In the first leg at the Metropolitano, Lookman was at the heart of the 4-0 demolition, scoring in the 33rd minute and providing the assist for Julián Alvarez’s fourth goal deep into first-half stoppage time. The third goal came from a Giuliano Simeone cross to Alvarez, who squared for an unmarked Lookman to fire into the bottom corner; the fourth was Lookman turning provider, sliding a pass into the middle for Alvarez to finish from just inside the box.
The second leg in Barcelona ended 3-0 to the hosts. Atlético went through 4-3 on aggregate. Lookman started but was withdrawn before the hour as Simeone reconfigured to protect the lead. He was measured when discussing both nights.

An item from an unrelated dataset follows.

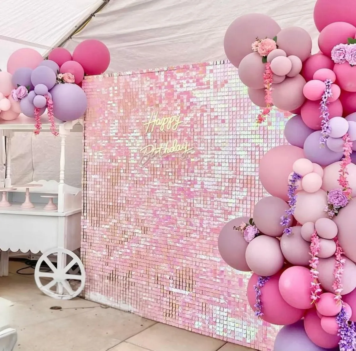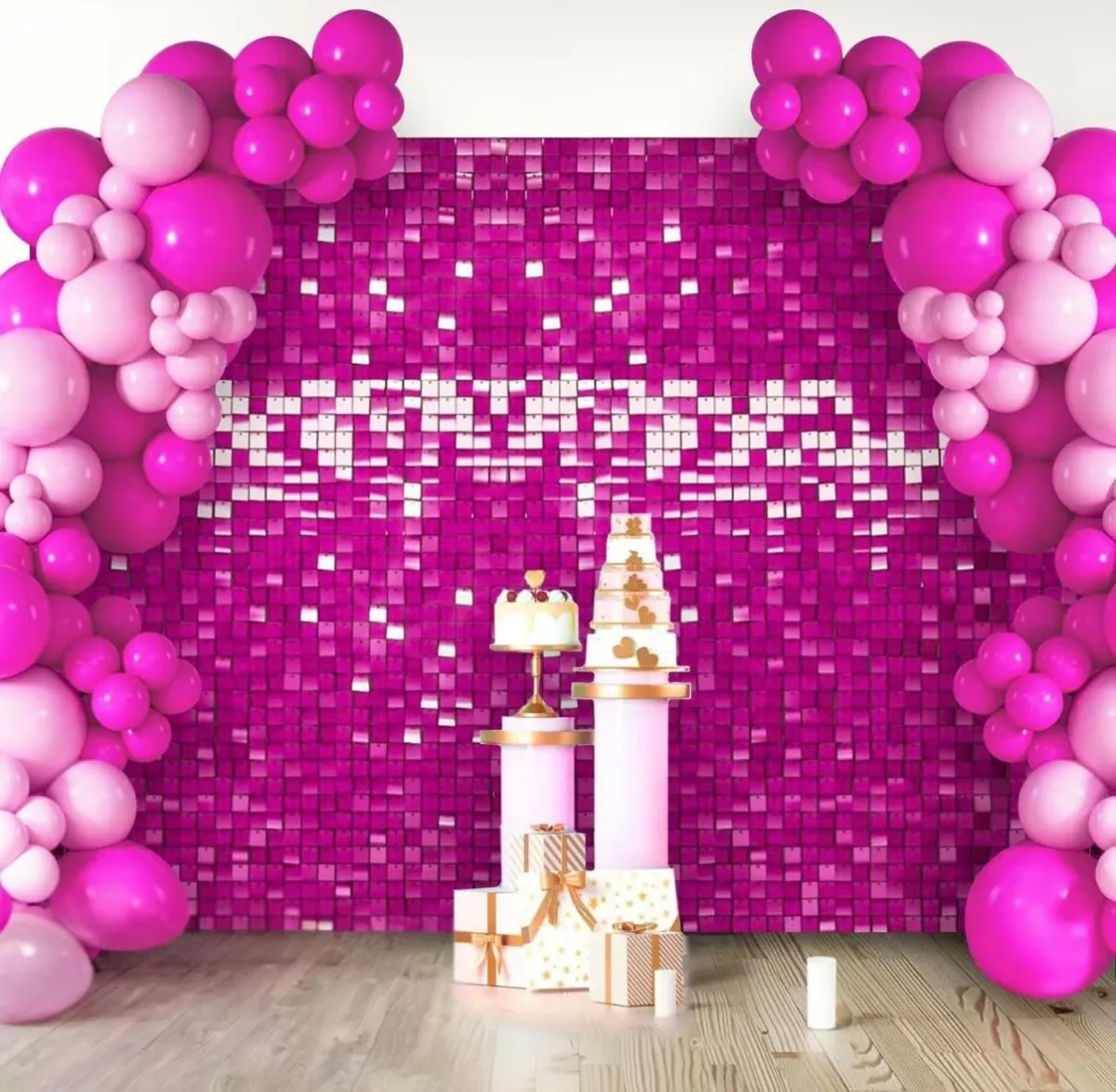 A vibrant hot pink shimmer wall designed to steal the spotlight. This backdrop is bold, fun, and made for high-energy celebrations and social-media moments.

“About Barcelona’s quality, of course, massive, massive club, massive team, a lot of quality inside the team,” he said. “We won 4-0 at home and the result of the away match was that, and we’re through to the final. There’s a lot to take away from both games, home and away. We’ve obviously learned from that and we’re still learning from that.”

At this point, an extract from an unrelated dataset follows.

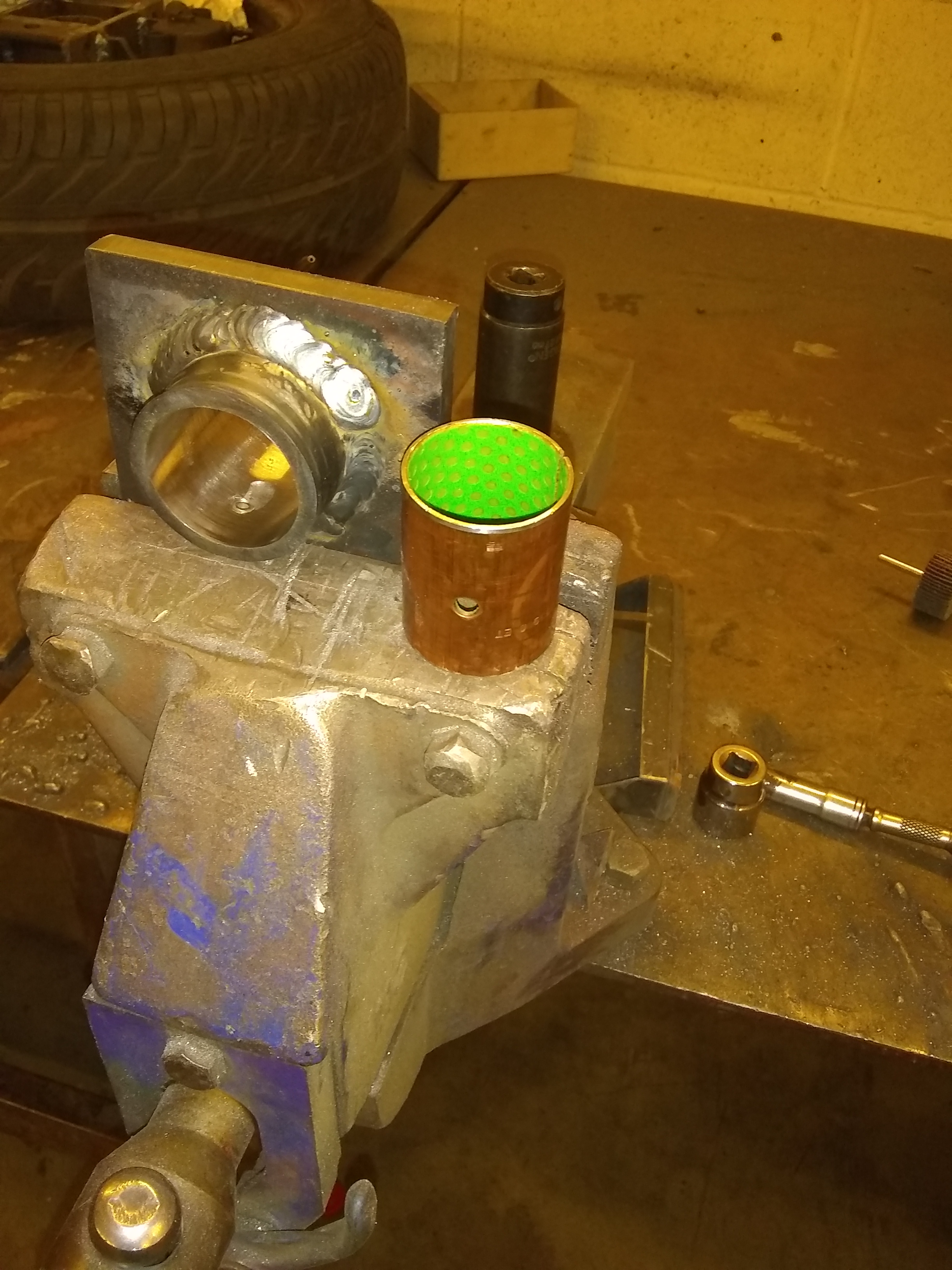 Well I had to go away for a bit but I am now back working on the bike. I spent a few hours working out things and drawing up the part I needed making. I found a couple of places that would help me out. Unfortunately when they gave me the price I nearly passed out. So it was time to find another solution. I hadn’t given it much thought as my son needed help with the electric guitar he has been building for his college project. We needed some screws so I had a rummage at the back of the garage. I never did find the screws for him but I did find a bag with a pair of rear wheel bearings in for my wife’s car. So I looked them up to see what the dimensions are. The inner was 25mm now I had a bit of bar that was either 1” or 25mm so I thought this may be a plan. Well the bar fits the outer diameter is 52mm this is not as easy I would need a piece of 60mm with a thick wall to have it machined up to fit. I was determined though to avoid having anything made up. So far I have made everything for the bike with a hammer and grinder the welder and a big pillar drill. I searched everywhere and I just couldn’t find anything. I had an old jack in the shed I had not even thought about harvesting something from that. Well I measured the first shaft and it was just over 50mm. I thought that the next would be about 51mm with the clearance for the seals so it was time to make a sacrifice. Well talk about a stroke of luck the bearings are just the right fit in the tube. So next it was time to sort the hub face. A nice bit of 12mm plate will do. I forgot what it was like to get through it with a holesaw but slow and steady with a bit off cutting fluid and it was good. Now a holesaw is not precise it never will be so I had to start with a few mm smaller than I wanted to end up with. Everything else had to be marked up first. But I got it sorted out. And with the help of a pair of welding magnets and the dial test indicator I was off. I managed to get it just under 0.006 of a inch on the face it was tricky but i used the welder to pull it um i couldnt get it better than 0.020 to start with. It is as close as i can get it so i think that will have to do. I still have a few things to get sorted which I will need some parts.

Lookman was asked directly how he sees Atlético’s ability to compete with Barcelona and Real Madrid across a full season. His answer was unequivocal.
“I think Atlético is a massive, massive club on all fronts. I noticed that before I came here and obviously being here, it’s a lot bigger and right in your face,” he reflected. “The squad is full of amazing players, quality. We want to compete, and we’ll compete on all fronts, in three different competitions, which is credit to everybody here, credit to the staff, credit to the players, credit to the mentality here. The mentality is to win as much as we can, win the games that are in front of us.”
It was an approach which sounds remarkably similar to Simeone’s partido a partido, game by game, style.
Atlético find themselves entering the final stretch with a La Liga title race out of reach, but with Champions League quarter-finals (against Barcelona) ahead and a Copa del Rey final against Real Sociedad on April 18th.
Balancing priorities
With matches stacking on top of each other, the practicalities of maintaining peak performance become as important as the tactics. Lookman’s answer to how he handles it was simple enough to sound almost too obvious, until you consider how many players get it wrong.
“Recovery, eating right, sleeping right,” he said. “Just doing everything in your power possible to be at your best. Control what you control. Control your controllables and be at your best. I think that’s what you can do.”
Having scored against Real Madrid and Barcelona in the first three months of his time in Spain, Lookman has already proven his point. His pace and guile have provided cutting edge, and his creativity and technical ability have offered a differential aspect. Now, he has the opportunity to write himself into the history books even in his first few months.
The club’s first Copa del Rey final in 13 years and a chance to reach the Champions League semi-finals are at stake. All will be decided in the next two weeks. But for Lookman, this is just the beginning of an ambition to grow.